安珺奚說:“顧氏的慈善基金依然會定期給孩子幫助,陳姐你是孩子的監護人也不能拒絕,這是給孩子的一份保障。”
陳姐說:“珺奚,我們陳家已經受你們顧家太多恩惠。”
“陳姐,易軻答應過孩子的媽媽,以后會幫忙照顧孩子,你別拒絕我了。”
陳姐不知是什么感受,“那我就繼續厚著臉皮了。”真是世事無常,她還盼著弟弟成家立業,誰知道……

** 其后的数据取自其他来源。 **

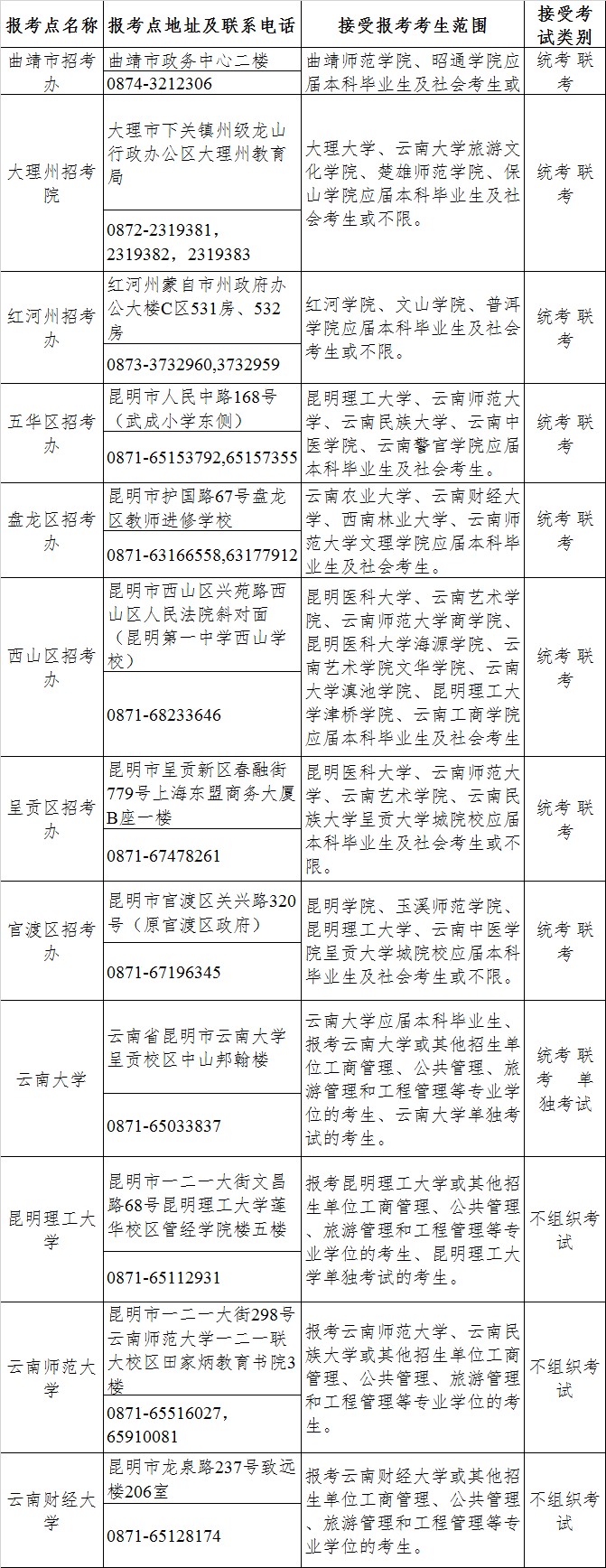 2016年云南省各報(bào)考點(diǎn)接受報(bào)考考生范圍及考試類別

她不再想這些,跟安珺奚聊起孩子,話里始終沒有以前的親昵。
安珺奚有點失落,她和陳姐在一起生活了兩年多,真的不想就這么變成陌生人。
她們的談話沒持續多久,很快就互相道了再見。
安珺奚跟顧易軻說:“如果陳明當初沒走錯那一步,很多事情都會不一樣。”
顧易軻抱著她,寬慰說:“這些事你我都不能改變,這是他的選擇。”
顧千梒在美國知道薛楚難產去世,留下早產的女嬰在世上,她改變了不回國過年的想法,跟媽媽說:“媽媽,我跟你們一起回國。”
梁徽筠問:“怎么突然想一起回去?”
顧千梒臉上的紗布還不能拆,她的修復最少還要一年,如果沒有什么特別事情,她不會考慮回國。
她沒說什么原因,“就是想回去,家里熱鬧。”
他們坐私人飛機回國,只要她不想見外人,不會有人知道她的行蹤。
梁徽筠說:“那我幫你整理行李。”她身為母親,現在也只能為女兒做這點小事了。
顧千梒看著窗外布滿白霜的世界,心中漸漸生出一個想法。
她不打算嫁人了,收養一個女兒陪著她也很好。
她經歷過兩個男人,才二十多歲的心態就滄桑得如同遲暮老人。
如果是殷飛白是一個錯誤,那猶然就是她唯一的痛。
她對殷飛白沒有絲毫感情了,對猶然卻不能做到這樣。
猶然……她不知道他在哪里,不敢再像以前那樣滿世界的找他,她累了。
就算現在她出現在他面前,他能認出自己來嗎?
如果他知道自己毀了容,一定會嘲笑她吧。
顧千梒抬手在玻璃窗寫下猶然的名字,猶然,我不知道自己能不能當一個好媽媽,但我一定要負責這個孩子的人生,是我害她沒了爸爸。
她二十多年都瘋瘋癲癲的,現在是時候成長了。
梁徽筠叫她:“千梒,你想給家里兩個孩子帶什么禮物?”
顧千梒擦掉窗子上的字,她回頭說:“我明天去給他們買。”
梁徽筠欲言又止,顧千梒說:“我會給大嫂也準備一份。”
梁徽筠略欣慰,這個女兒是真的懂事了。
顧晉修在何家沒找到何一晴,何家院子的大門被貼上法院的封條,里面一個人也沒有。
偌大的院子里,樹葉落滿地面沒有人清掃,花盆打爛在地上,泥巴弄臟小路上的大理石,蕭索凄涼,看上去很久沒有人居住過。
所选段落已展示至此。